My ideas about evolution have developed over the years in response to what I have read, what I have seen, and what I have heard. While I am by no means a professor of biology, I am in a better position to discuss the topic than many who express passionate opinions about it. I have a Bachelor’s of Science in Biology from the University of Illinois at Chicago. I have read a number of books on the subject. I have discussed it with many people and I have even taught the subject at the high school level.

As a result of my study of biology, my position on evolution is complex and nuanced. Yet if I were to summarize it in a sound-bite I would say, evolution is a useful framework but it leaves several significant questions unanswered.

Discussions of evolution suffer, primarily because of the emotional investment clouding reason, but also because of a lack of a universal definition of evolution.

One paradigm suggests that mutation + selection = evolution. Under this paradigm, an organism experiences a genetic change, natural forces in the environment favor or disfavor that change and then the progeny of the organism differ from its ancestors – and we call this process evolution.

Another paradigm suggests that at some point in time, a non-sentient monkey mutated and became a sentient human, genetically identical to a modern human – and we call this concept evolution.

A third paradigm suggests that evolution is a broad term that encompasses various ideas about the history of life on Earth.
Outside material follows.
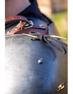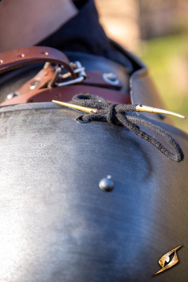 Le spalline si fissano saldamente con cinghie in pelle attorno ai bicipiti e sulla spalla, garantendo una vestibilità comoda e sicura. Inoltre, i cinturini e l'hardware in pelle cromata aggiungono un tocco di stile in più a questo pezzo di armatura. Non solo ti sentirai protetto, ma sembrerai anche incredibilmente elegante mentre combatti.

This model says the theory of evolution is itself evolving. Fundamentally, this model is about gradual change in life over time. The theory does not require a Creator but neither does it reject the existence of one.
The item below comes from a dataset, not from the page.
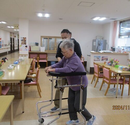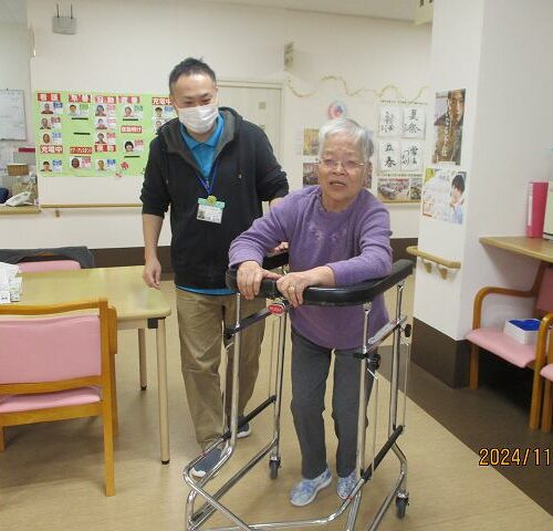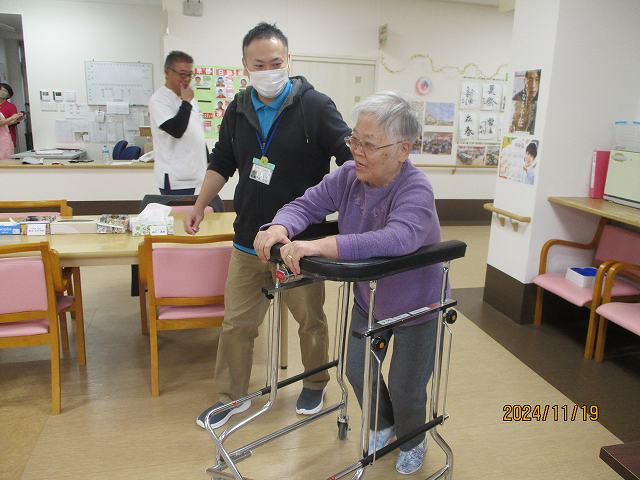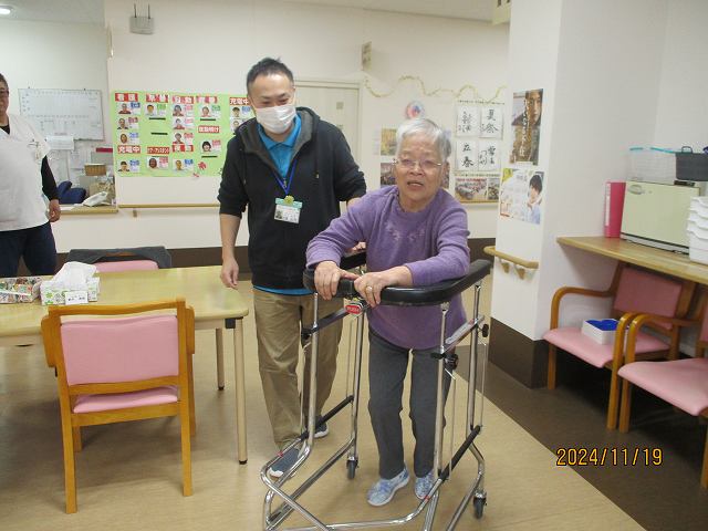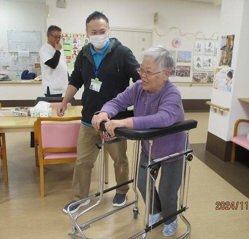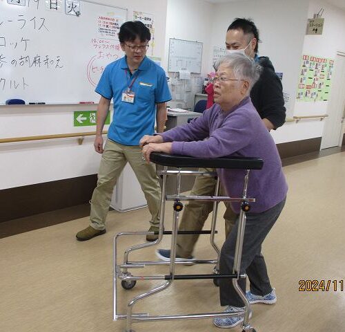 場面は変わって現在車椅子に乗られている方が頑張って歩行練習!

The first paradigm is what Evolutionists believe. The second paradigm is the version of evolution that Creationists reject. The third paradigm is more or less what I believe.

There are several significant challenges to evolution, and not just to Darwinian theory but even the modern version of the theory espoused in scientific journals in the 21st century. For the sake of brevity, I will treat only three challenges.
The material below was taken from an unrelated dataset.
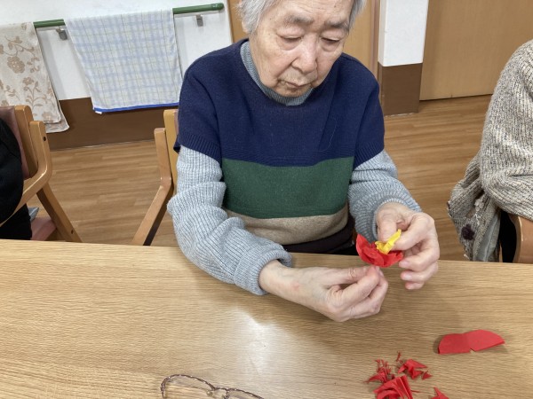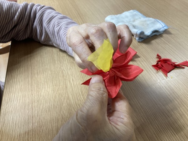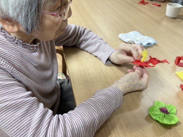 まずは皆さんにお花紙をひたすたら折っていただきます!

One – how did the eukaryotic cell originate? The eukaryotic or “true nucleus” cell is the cell of multi-cellular organisms. It is exquisite in complexity and profoundly well-organized. Evolutionists have yet to fully explain the origins of the cell.

Two – why are all organic amino acids left-handed? This may seem like a minor issue, but it is actually quite significant. It is hard to convey this issue to lay readers, but I will try. Proteins are made up of chemical components called amino acids. In nature, one can find plentiful amounts of two kinds of amino acids – left and right. However the twenty amino acids found in organisms are all of the left variety. The likelihood of this happening by chance are equivalent to flipping a fair coin heads twenty times in a row. It does not make sense and the attempts to answer the conundrum are unsatisfying.

Three – how did the system by which DNA codes for protein emerge from a trial-and-error process? The central dogma (yes, they really call it that) of biology says that organisms use DNA as a template for RNA which codes for protein. It is a sophisticated system for storing vast amounts of information that has been likened to human language but is several orders more complex. Numerous experiments have tried to show how this process might have began but the puzzle remains largely unsolved. Unlike many aspects of biology that exist in several different forms throughout the spectrum of life, the central dogma is universal and really has no intermediate forms. It is as if life always operated this way and never any other way.

Those are some of my thoughts. They may strike you as intelligent, they may strike you as stupid. I would like to know how you feel either way. But please, let’s keep this civil and focus on arguments and evidence, not slander and propaganda.